Late last month, for approximately 28 hours, all OPRF High School students had the same password for their school accounts in a cybersecurity mistake that was quickly corrected. The problem began on June 23 when OPRF’s data manager, Level Data, a Kalamazoo, Michigan company that specializes in managing data for school districts, was conducting a cybersecurity audit on the OPRF system.

“They were doing, basically, just routine updating and maintenance on our accounts and passwords and in doing so they inadvertently wiped out all of our students’ passwords. They also wiped any ability for us to go back and retrieve them,” Superintendent Greg Johnson told Wednesday Journal.

The result was that, because of what the school described as “an unexpected vendor error,” students could not get into their Google accounts, which they use for all manner of schoolwork and activities. Their Google accounts also link to their grades and other personal information. Every OPRF student has a school-issued Chromebook.

As a temporary fix all OPRF students were given the same password, Ch@ngeme!, so they could access their accounts.

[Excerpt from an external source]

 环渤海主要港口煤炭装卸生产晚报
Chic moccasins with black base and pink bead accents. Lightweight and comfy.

Students and their families were notified of the new password in an email sent out during the afternoon of June 22. The email also strongly suggested that, after signing into their accounts using the universal password, they update their password to their own unique password “as soon as possible.”

But students, parents and Johnson quickly realized that for the time period when every student had the same Ch@ngeme! password, any student could sign in to another student’s account and access the personal information of others, including emails, papers, class work and anything saved to the Google Drive. Johnson said access to student grades, which are kept on Skyward, were never compromised.

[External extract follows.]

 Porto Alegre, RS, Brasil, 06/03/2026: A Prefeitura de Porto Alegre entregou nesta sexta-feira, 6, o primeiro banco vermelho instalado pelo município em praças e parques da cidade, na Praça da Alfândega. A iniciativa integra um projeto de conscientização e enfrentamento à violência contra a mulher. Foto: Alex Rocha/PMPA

Every student having the same password was “something I became aware of late afternoon on June 22,” Johnson said. “It was an accident. It certainly isn’t anything that we want to have happen again, and it certainly is something that is a problem. Anytime anybody can have access to potentially anybody else’s account, it’s a real problem which is why we needed to find that second solution as quickly as possible.”

As soon as he became aware of the issue, Johnson asked the school’s Technology Department and Level Data to come up with a different way to allow students to access their accounts. 

At a little after 8 p.m. on June 23, about 28 hours after the initial email was sent, OPRF sent another email to families giving each student a unique password based on their student ID number and their birthdate, along with instructions as to how to create another unique password.

Johnson said school officials have found no evidence of any unauthorized access to student accounts during the time when all students had the same password.

“We were able to monitor our systems and see if we had any unauthorized access and we’ve had no reports of that so far at all and we have not seen any anomalous behavior with our students accounts and our monitoring of that,” Johnson said.

One OPRF student told the Wednesday Journal that she had trouble creating a new password because she had changed her password so many times, a problem that the student said was annoying.

Johnson encouraged any student having problems with creating a password or accessing their account to call or visit the student helpdesk.

“If somebody calls our helpdesk, we’ll just help them out and get everything squared away,” Johnson said.

Johnson was relieved that the problem was solved quickly.

“It had the potential to disrupt summer school,” Johnson said. “We were able to get through it fairly quickly.”